"Had I not better give them an object lesson?" Hubert suggested instead.
"There is one thing you cannot do," Mr. Gray said with a sly triumph. Hubert looked at him inquiringly. "You cannot give away your mother's legacy. The terms of the will provide for that. The property cannot be alienated."
Hubert looked at his father blankly for a moment. The fact stated he had quite forgotten.
"You are right," he exclaimed. Then his brow cleared of its blank surprise and he laughed. "That settles it about the rest," he said. "The income from that property will amply support me and any poor interests a humble missionary may have."
"Just so," said his father. "Or it might maintain a poor fool who had missed his calling and was sent home."
Hubert laughed again. "Quite so," he assented.
And so the clouds broke away from over the house of Gray. A restored mutual understanding gave relief amounting to joy even in the face of coming separation.
Hubert's enterprise, like a great ship, could not be launched hastily. Months of preparation passed in which the business matter was finally settled and other affairs adjusted. It was finally concluded that the entire business of Robert Gray & Son should be sold, as the senior partner did not wish to carry it on without his son.
"It is not a question of the poor-house if you do give it up now, father," Hubert said to him, and he assented.

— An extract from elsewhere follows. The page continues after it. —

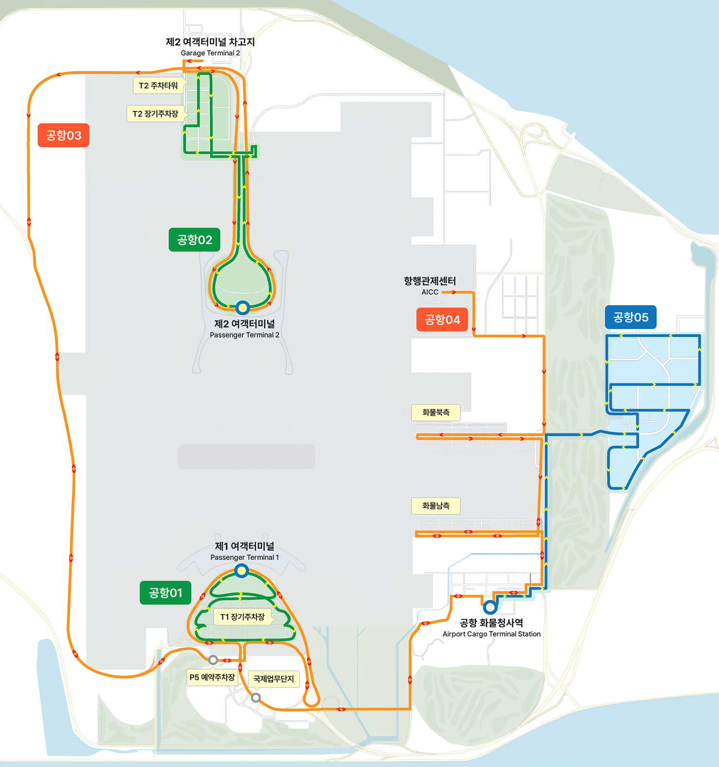 - 운행 구간: 장기주차장 ↔ 단기주차장 ↔ 제1터미널

The missionary-to-be found himself called to many places to speak on behalf of the cause, and he did so with great readiness. His intense ardor caused his words to burn their way into many hearts. Again and again his own heart was overwhelmed within him by the greatness of his theme. Cold figures became burning facts as he looked at the wide areas untouched by the Gospel. The slighted wish of his Lord became an anguish in his soul. That men and women should call themselves by His name and still live unto themselves, never grieved by His message undelivered, His errand of love undone, was a shame intolerable. Sometimes when the passion for his Lord's will swept his soul, and he beheld in contrast the idle hands of the church, paralyzed by pleasure or filled with self-interests, in secret he cast himself upon his face and wept as only a strong man, unused to tears, can weep.